The writing was identical. There were no differences!
. . . . . . . .
While we were locked in the secretary's office, Bennett and Elaine were continuing their chat on various social topics. Suddenly, however, with a glance at the clock, Bennett told Elaine that he had an important letter to dictate, and that it must go off at once.
She said that she would excuse him a few minutes and he pressed a button to call his secretary.
Of course the secretary did not appear. Bennett left his office, with some annoyance, and went into the adjoining room the door to which Kennedy had not locked.
He hesitated a moment, then opened the door quietly. To his astonishment, he saw Kennedy, the secretary, and myself apparently making a close examination of the typewriter.

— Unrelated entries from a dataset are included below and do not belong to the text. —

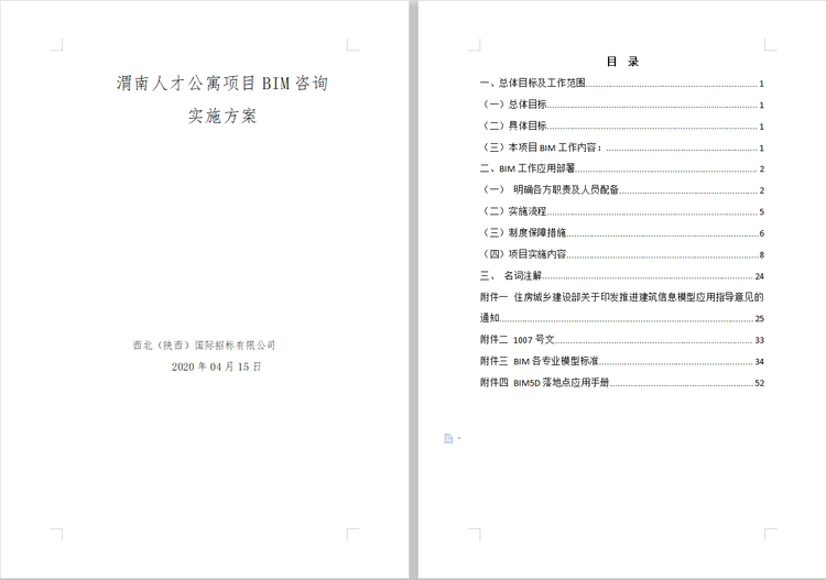 我公司于2020年4月成功中標(biāo)渭南高新區(qū)東區(qū)人才公寓項(xiàng)目全過(guò)程工程咨詢,是我公司首例包含BIM技術(shù)應(yīng)用的全過(guò)程工程咨詢項(xiàng)目。BIM中心對(duì)成立以來(lái)的首個(gè)項(xiàng)目格外重視,在項(xiàng)目前期充分準(zhǔn)備,工作有序開(kāi)展。在鞏總、王東總的指導(dǎo)下,完成了部分階段性工作。疫情期間,BIM中心成員多方搜集資料,深入學(xué)習(xí),不斷調(diào)整思路,多次在綜合管理部?jī)?nèi)部、渭南項(xiàng)目部通過(guò)視頻會(huì)議的形式,修改討論,完成了實(shí)施方案從0到1的編制工作,明確了本項(xiàng)目的總體目標(biāo)與工作范圍,對(duì)BIM應(yīng)用做出了準(zhǔn)確的規(guī)劃與部署。
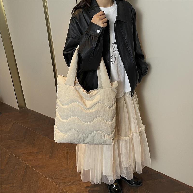 Минималистичная нейлоновая сумка-тоут для женщин – Легкий и водостойкий дизайн с волнообразной прострочкой, идеально подходит для ежедневного использования
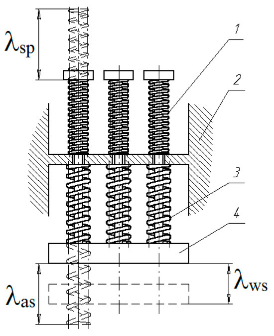 The studied springs made of a shape memory alloy were used as thermosensitive elements (TSE) in the actuator of a temperature control regulator [15,16]. An actuator mechanism of the regulator was manufactured, consisting of “i” TSEs and “j” return springs, with the schematic diagram shown in Figure 6. A significant influence on the functionality of such an actuator is exerted by the constant nature of interaction between the counterbody and the force element. The movable link 4 of the device, connected to the working body, automatically responds to temperature changes in the controlled medium, moving by the value of the working stroke λws under the action of spring elements 3 with SME and return springs 1, relative to the stationary housing 2. The assembly deformation of the SME springs is equal to λas, and that of the return springs is λsp.
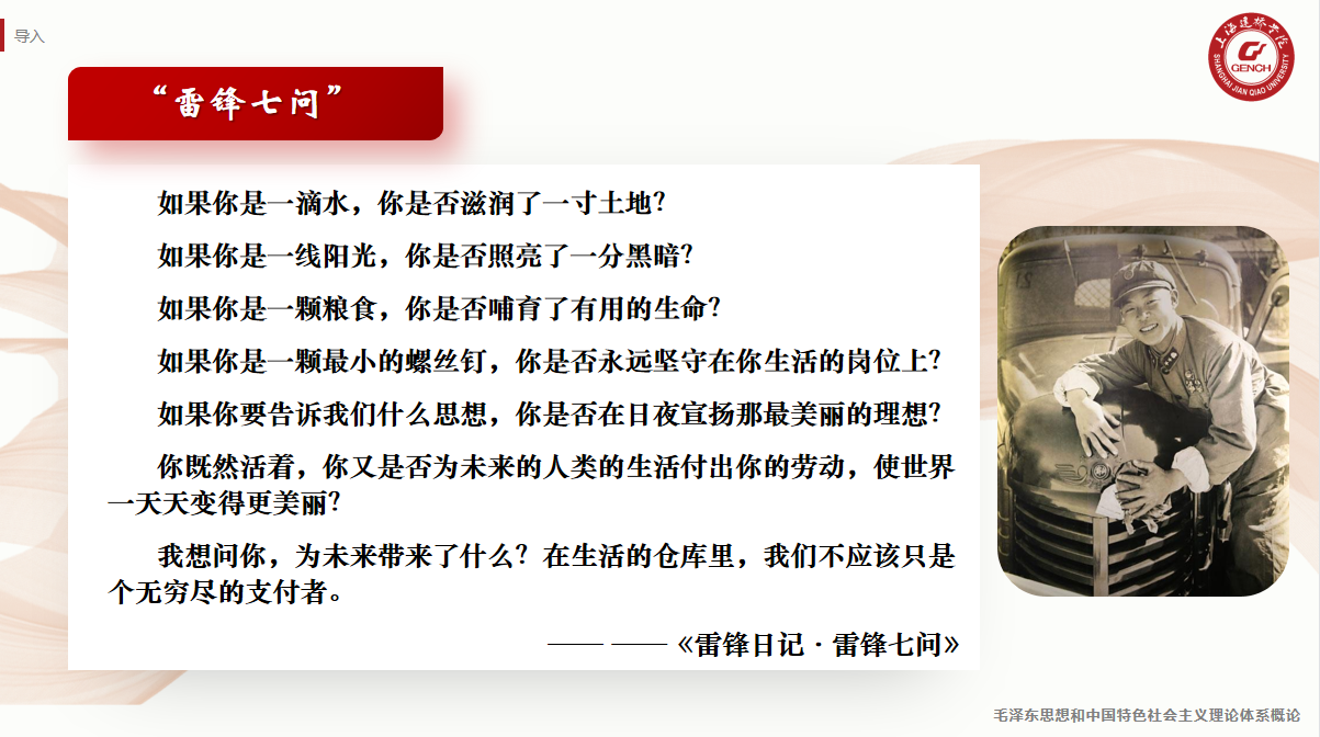 让课程丰满起来,塑造有灵魂的思政课程。课堂教学过程中,申老师首先带领同学们共同回顾了全校师生和衷共济、共度难关的特殊时期,跟随着疫情期间涌现的雷锋奖章获得者的故事和身边的一批又一批典型雷锋式先进集体和模范人物的脚步走近同学们身边。接着,通过结合校史校训“感恩、回报、爱心、责任”价值旨归,从雷锋青年时期日记写下的“雷锋七问”故事切入,以“心所向,道所至——坚定理想信念、责所在,情所系——增强责任与担当、德所在,志所成——锤炼精神与品格、行所至,才所达——强化本领与能力”四节教学内容设计,内容逐步深入,情感层层递进,并结合中国优秀传统道德文化和二十大报告精神,着重讲解了雷锋精神不同时期的时代化内涵诠释。既注重讲出深度力度,又讲出温度感情,用雷锋赤诚纯洁的家国情怀激励学生、启发学生。

Gliding rather than walking back into his own office, he closed the door and locked it. Almost instantly, fear and fury at the presence of his hated rival, Kennedy, turned Bennett, as it were, from the Jekyll of a polished lawyer and lover of Elaine into an insanely jealous and revengeful Mr. Hyde. The strain was more than his warped mind could bear.
With a look of intense horror and loathing, Elaine watched him slowly change from the composed, calm, intellectual Bennett she knew and respected into a repulsive, mad figure of a man.
His stature even seemed to be altered. He seemed to shrivel up and become deformed. His face was terribly distorted.
And his long, sinewy hand slowly twisted and bent until he became the personal embodiment of the Clutching Hand.